● Work item
The data below is to be written out exactly, with no pictures.

━━━ Source data

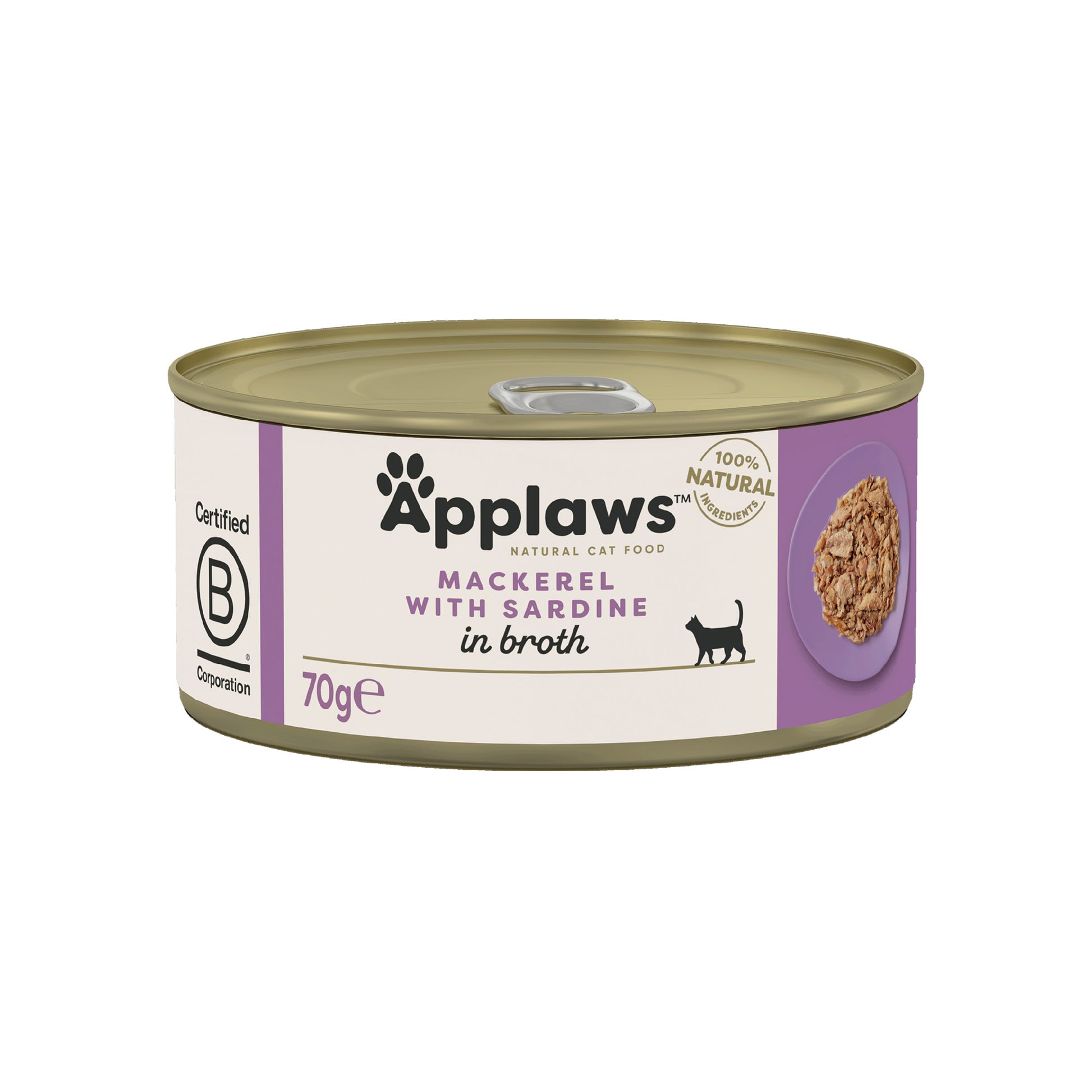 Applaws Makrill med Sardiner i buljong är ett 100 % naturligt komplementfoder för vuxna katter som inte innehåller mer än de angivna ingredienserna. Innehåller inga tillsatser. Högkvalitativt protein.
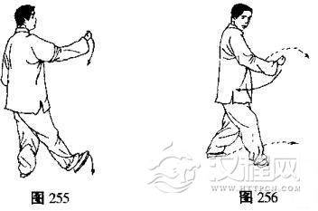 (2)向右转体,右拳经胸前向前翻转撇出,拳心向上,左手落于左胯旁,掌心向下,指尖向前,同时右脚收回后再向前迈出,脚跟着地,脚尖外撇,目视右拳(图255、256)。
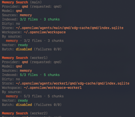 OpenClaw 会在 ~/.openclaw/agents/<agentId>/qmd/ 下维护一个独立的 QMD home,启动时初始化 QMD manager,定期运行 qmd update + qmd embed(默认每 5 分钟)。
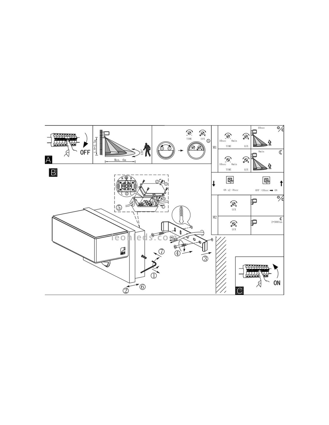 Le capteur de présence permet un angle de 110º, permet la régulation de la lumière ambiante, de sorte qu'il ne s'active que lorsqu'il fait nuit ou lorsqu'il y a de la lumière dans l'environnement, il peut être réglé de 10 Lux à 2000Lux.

━━━━━━

● Problem solution
 Applaws Makrill med Sardiner i buljong är ett 100 % naturligt komplementfoder för vuxna katter som inte innehåller mer än de angivna ingredienserna. Innehåller inga tillsatser. Högkvalitativt protein.
 (2)向右转体,右拳经胸前向前翻转撇出,拳心向上,左手落于左胯旁,掌心向下,指尖向前,同时右脚收回后再向前迈出,脚跟着地,脚尖外撇,目视右拳(图255、256)。
 OpenClaw 会在 ~/.openclaw/agents/<agentId>/qmd/ 下维护一个独立的 QMD home,启动时初始化 QMD manager,定期运行 qmd update + qmd embed(默认每 5 分钟)。
 Le capteur de présence permet un angle de 110º, permet la régulation de la lumière ambiante, de sorte qu'il ne s'active que lorsqu'il fait nuit ou lorsqu'il y a de la lumière dans l'environnement, il peut être réglé de 10 Lux à 2000Lux.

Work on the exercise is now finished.